▶ [Work order] Beginning at the line containing "KETURI DIDIEJI pertraukos", restate each line of the listing below word for word until the last one has been given.

[Opening Recorded data section]

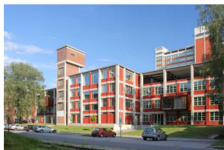
Sídlo RPZ je v budově PIC Zlín
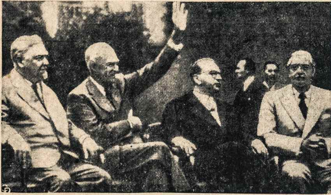
KETURI DIDIEJI pertraukos metu: Bulganinas, Eisenhoweris, Faure ir Edenas.

Darbas pradėjo sėkmingai: ryškėjo veidai, jų uždaviniai. Jis neturėjo jokio popieriaus. Kaip užrašyti, kad nepamirštum. Kažkur sašlavose rado trumputėlę grafito nuolauką, nuplėšė nuo sienos popieriaus gabaliuką ir susirašė. Paskui paslėpė sienos plyšyje. (Bus daugiau)

[Closing Recorded data section]

▶ [The answer]
KETURI DIDIEJI pertraukos metu: Bulganinas, Eisenhoweris, Faure ir Edenas.

Darbas pradėjo sėkmingai: ryškėjo veidai, jų uždaviniai. Jis neturėjo jokio popieriaus. Kaip užrašyti, kad nepamirštum. Kažkur sašlavose rado trumputėlę grafito nuolauką, nuplėšė nuo sienos popieriaus gabaliuką ir susirašė. Paskui paslėpė sienos plyšyje. (Bus daugiau)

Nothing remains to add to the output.